Глава 3. Семья после гражданской войны. Дергачи.




Глава 2. Гражданская война. Дергачи.

Началась тяжёлая, непосильная жизнь в семье Полторецких, с её украинскими обычаями и привычками. Кончилась идиллия красивой жизни твоей бабушки Анюты (обращается мама Лида ко мне) и началась кабальная крестьянская жизнь со всеми тяготами некрасовского стихотворения «Я полоску в поле жала, золотые снопы вязала…» Но семья Полторецких и в гражданскую войну находилась на этих полосках, прижавшись к земле. Они слышали, как разрывались снаряды, пролетая мимо них. Белые – забирали мужчин, уводили с собой воевать, красные чапаевцы забирали – оставшихся. И война продолжалась. Один брат воевал за белых, другой – за красных. Отца Тихона хотели белые взять, но младший брат Василий пошёл вместо него, сказав: «У тебя, Тихон, дети! Оставайся дома!» Степан Полторецкий, брат от первого брака отца Владимира, то есть по матери не родной, воевал в красных партизанах против белых. Погибало много не только мужиков. Пьяные белые для забавы подстреливали и детей, которые выбегали на улицу поиграть.

В гражданскую войну красные квартировали в доме Полторецких, а вернее в хибаре, где жили мои родители и вся многочисленная семья. И коммунист Яков Никифорович Четвериков, сорокалетний мужик, украл красавицу Марию, младшую сестру отца. Ей было всего четырнадцать лет, но он увёз её с собою. После Гражданской войны они вернулись, как муж и жена с сыном Колей Четвериковым в Дергачи. Потом они жили в Грозном, работали на «Стеклогазе». Это я помню. Затем чеченцы украли Колю. После того, как нашли Колю, они вернулись семьёй в Дергачи.

Глава 3. Семья после гражданской войны. Дергачи.

Гражданская война закончилась. Мирная жизнь продолжалась. Надо представить себе избу, построенную из саманного кирпича руками старших Полторецких. Изба состояла, по моей памяти, из двух половин: передней половины, где жили старшие, и задней, которую занимали младшие. К приходу мамы семья насчитывала семнадцать человек. Дед Владимир, бабушка Анисья и восемь их детей занимали переднюю половину. В ней была и спальня двухэтажная: наверху, видимо, помещались вещи, а иногда и сами спали. Комната спальни квадратная, потолки и полы – деревянные. Вторую половину занимали дети-сыновья: Андрей с семьёй. Степан жил отдельно после Гражданской войны. Однако хозяйство было общее: земля, лошади, плуги. Бороновали землю, сеяли – всё вместе.
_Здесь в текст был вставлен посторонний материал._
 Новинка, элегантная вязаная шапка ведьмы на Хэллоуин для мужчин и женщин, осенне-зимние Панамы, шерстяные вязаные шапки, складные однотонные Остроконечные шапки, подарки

Мама рассказывала, что двенадцать лет она со всей семьёй выезжала обрабатывать и засевать землю. Как снег с поля сошёл, грузят бочку селёдки, муку, крупу, сахар, жиры и отправляются в поле. Находятся там, пока не ляжет снег. Зимою мама шила на всю семью одежду, необходимую для носки. Это были её обязанности. Другие снохи имели свои обязанности. Парни, дети хохлушки бабушки Анисьи, подрастали, начинали ходить на танцы. Когда приходили домой, как правило, страшно пили воду от жажды. И так друг за другом умирали. Остались только папа, Семён и самый младший Василий. Оказалось, что старшая сноха травила ребят, не давала им возможности жениться, так как хозяйство малое, и она боялась, что при разделе имущества её семье ничего не достанется.
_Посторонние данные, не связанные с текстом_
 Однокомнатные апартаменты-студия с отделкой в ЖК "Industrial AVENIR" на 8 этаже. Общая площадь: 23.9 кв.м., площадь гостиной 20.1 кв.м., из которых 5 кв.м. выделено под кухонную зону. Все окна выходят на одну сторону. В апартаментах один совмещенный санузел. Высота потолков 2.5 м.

Семён женился, взял Настасью, у них родились сын Василий и две дочери: Лиза, имя второй не помню. После двенадцати лет общинной жизни братья разделились. Семён со своей семьёй и бабушкой Анисьей остались в этой избе со всеми сараями, мазанками и прочими подсобными постройками. Дедушка Владимир к тому времени умер. Мама Анюта с детьми Петей, Колей и со мной ушла в маленький домик с большой печью и земляными полами. Мама была беременна, сделали ей под наркозом аборт. Говорили всё при мне, я ползала на полу и всё слышала.
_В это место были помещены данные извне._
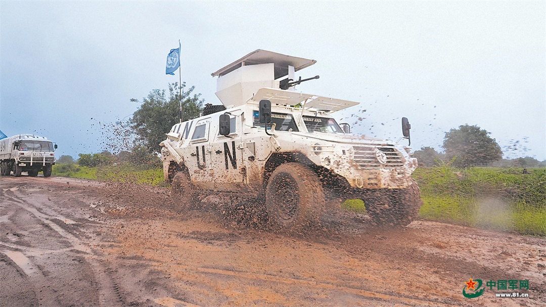 维和步兵营官兵执行巡逻任务。郑英为摄

И, наконец, дядя мамы Алексей Иванович Федотов подарил маме свой второй дом, построенный им самим. У него было два дома, окнами обращены друг к друга. Дом был построен из саманного кирпича. Крыша, потолок и полы – деревянные. Дом хорошо спланирован: зал – просторный, большая спальня. Вторая половина разделена на две детские: для Коли и Пети и отдельно для меня. В середине дома была прихожая. Кухня квадратная с чуланом, куда выходила печь. Там мама готовила пищу, пёкся хлеб. Перед входом в дом было крыльцо и отгорожено хранилище для продуктов. Всё сделано из дерева. Был также огромный двор с постройками для хозяйства: коровник, сарай с погребом, курятник.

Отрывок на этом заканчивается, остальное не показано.